The how of monitoring your services

17.11.2020 | 5 minutes reading time

Lately, there has been a lot of discussion about SLAs, SLOs and SLIs. As this article states, it is hard to define the correct SLOs and SLIs. This discussion is about what part of your services you want to monitor. But it is also difficult to measure these correctly. In this blog post I take a look at two examples of what can (and for us, did) go wrong in monitoring. This is about how you monitor your services.

Example: TCP connections for monitored services

The first example will be about TCP connections, a proxy, and handshakes.

Expectation vs. reality

For one of our projects we use an authentication proxy which is talking to an LDAP server as backend. We came across connections piling up on the server hosting this proxy. At first, it was not clear what was causing these connections.

After the proxy was installed, I integrated it into our Zabbix monitoring. To verify the proxy is answering requests, I used Zabbix’ built-in check net.tcp.connect. At first all seemed fine. The check was doing exactly what I expected.

But after a while we saw connections to the backend piling up on the server running the proxy. As no one was using the proxy for authentication at that point, I suspected Zabbix causing the vast number of connections. The monitoring of the service wasn’t working as expected. But what exactly was happening?

Each time Zabbix initiated the check, it was doing a three-way TCP handshake …

Source: https://www.cs.purdue.edu/homes/park/cs536-e2e-3.pdf

… and after that tore down the connection:

Source: https://www.cs.purdue.edu/homes/park/cs536-e2e-3.pdf

In tcpdump, it looks like this:

That was expected, so why were there so many connections still left on the system?

The proxy responded correctly, so the Zabbix check said everything is fine. But what happened on the connection from the proxy to the backend system?
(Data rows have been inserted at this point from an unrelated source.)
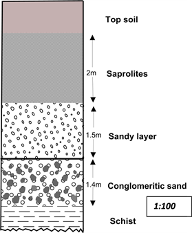 composed of a 30 to 50 cm organic topsoil layer, underlain by a 2 m thick saprolitic horizon, which is underlain by 1.5 m sandy section. The quartz dominated gravelly layer with an average thickness of 1.4 m overlies the biotite-mica schists of the paleo-Proterozoic basement, and consists of boulders (275 mm), cobbles and pebbles (28 - 38 mm) mixed with sand (0.9 - 1.5 mm) and silt (0.05 - 0.06 mm).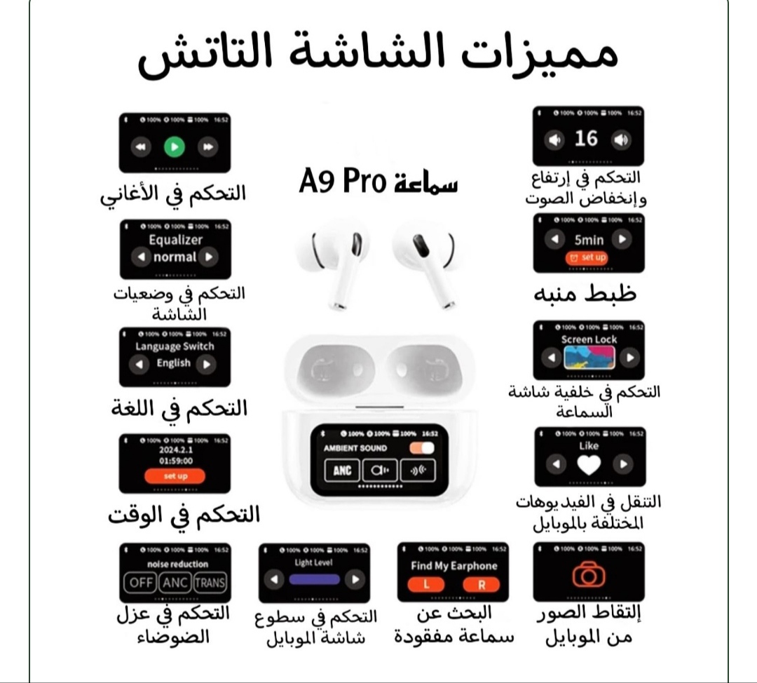 ألكمية مش كبيرة🚨 إيربودز A9 PRO تاتس بتقنية عزل الضوضاء – شياكة وجودة في تجربة واحدة! 🎧🔥 ✨ شاشة ملونة تاتش على العلبة لتسهيل التحكم بلمسة واحدة. 🔊 عزل ضوضاء بأربع وضعيات لمكالمات نقية بدون دوشة. ⚡ كونكت تلقائي بمجرد فتح العلبة + عرض نسبة الشحن على الشاشة. 🔋 شحن وايرلس + إيقاف تلقائي عند نزعها من الأذن. 💧 مقاومة للمياه والعرق – مثالية للرياضيين. 🎨 تصميم شيك وفخم، قطعة فنية تضيف لشياكتك. 👌 راحة، نقاء، وتقنية في سماعة واحدة!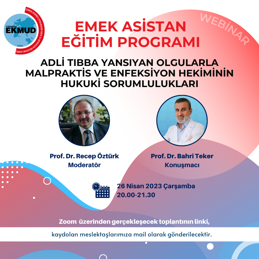 Adli Tıbba Yansıyan Olgularla Malpraktis ve Enfeksiyon Hekiminin Hukuki Sorumlulukları konulu toplantı 26 Nisan 2023, Çarşamba günü saat 20.00'da başlayacaktır. Toplantı, Prof. Dr. Recep Öztürk moderatörlüğünde ve Prof. Dr. Bahri Teker'in anlatımıyla gerçekleşecektir.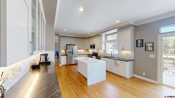 Samantha R Gallant, Keller Williams Realty Southwest Associates, LLC, C: 970-759-0440, samanthagallant@kw.com, http://samanthagallant.com: Classic Colorado Charm on 35 Acres of Pines & MeadowsExperience the beauty of the Southwest Colorado lifestyle on this picturesque 35-acre property nestled in the rural heart of Bayfield. Surrounded by towering pines and wide-open meadows, this private haven offers space, serenity, and all the mountain contemporary elegance of a retreat in the pines.The warm, inviting interior features eucalyptus hardwood floors, quartz and quartzite countertops throughout, and two distinct living spaces designed for both relaxation and entertaining. A dual-sided fireplace adds charm and comfort, while a remodeled spa-inspired primary suite includes an electric fireplace in the bathroom and a walk-in closet with heated floors for year-round luxury.The 3-bedroom layout includes a flexible bonus room ideal as a home office, gym, or cozy den. Outside, enjoy the oversized 3-car garage with an attached carport, and a huge concrete back patio that overlooks the tranquil meadows and tall pines--perfect for outdoor gatherings or quiet mornings. For the green thumb, a raised bed garden is ready for your seasonal harvests.A new metal roof (2022) and an owned 1,000-gallon propane tank add efficiency and long-term value. Whether you're exploring your private slice of Colorado wilderness or simply enjoying the peace and quiet, this property is a true mountain lifestyle offering.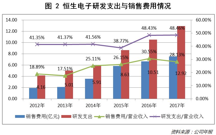 再看另一个指标,2014年,恒生电子的销售费用占比有了明显提升,从17.51%提高至25.11%,之后便一直处于30%左右的高位。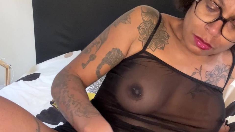 Prisca is a black MILF in lingerie who masturbates on webcam. Her hairy pussy vibrates with every touch, moaning loudly until she cums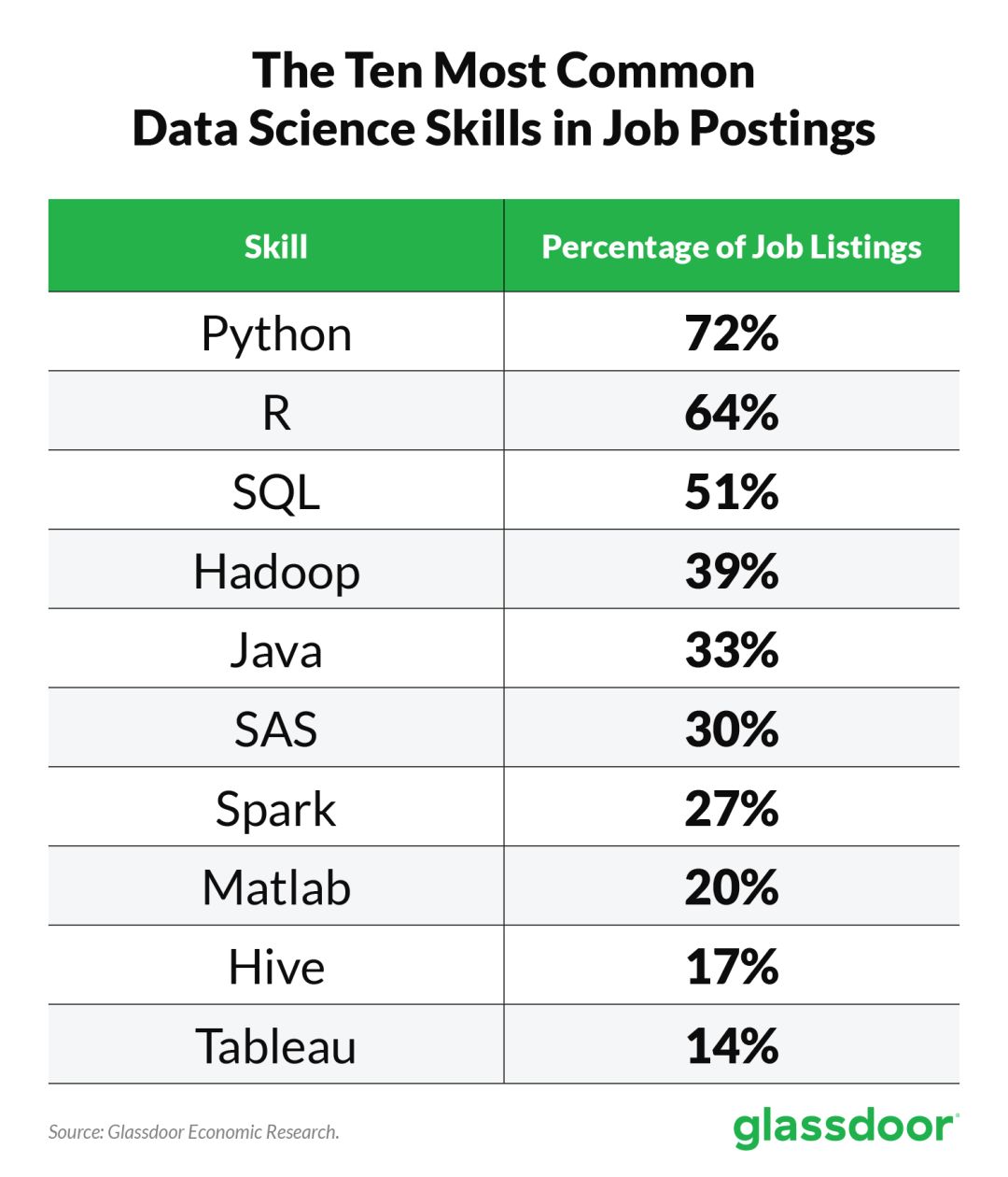 Python是最常见的技能,在72%的Job Description中都提到了Python,紧随其后的是R(64%)和SQL(51%)。不出所料,在Glassdoor这项研究的样本中,每10个招聘职位中就有9个要求至少具备其中一项技能。
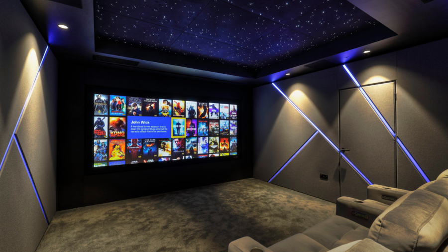 A dedicated home cinema comprises a 7.1.4 Dolby Atmos system with speakers from the Triad Gold range and the projection and screen system from Sony and Screen Research respectively. In addition, the room has been acoustically treated with fabric wrapping, fabric starlight ceiling and home cinema seating.

It turned out, the proxy was starting a TLS connection to the backend for every incoming TCP connection. It did not matter to the proxy, there was no data sent. But the TLS connection to the backend should not be a problem either. It should have been torn down when the TCP connection from Zabbix to the Proxy ended. But that is theory. In reality the TLS connection even persisted after the correct TCP teardown:

The Swiss army knife of networking

So, I found the connections piling up on the proxy. But I still did not know what was the real problem. I tried to get a more precise view by connecting to the proxy manually with netcat: nc -v backend.example.com 8636

But nothing happened. Each time I opened a connection with netcat to the proxy, it started a TLS connection to the backend. I closed netcat and after that, the proxy tore down the TLS connection to the backend. No connections piled up on the Proxy. What was different? After some more testing and man page reading I managed to reproduce the Zabbix behaviour with netcat: nc -z -v backend.example.com 8636

The parameter that did the trick was -z. It instructs netcat to close the connection after a successful connect:


-z      Specifies that nc should just scan for listening daemons, 
        without sending any data to them. It is an error to use 
        this option in conjunction with the -l option.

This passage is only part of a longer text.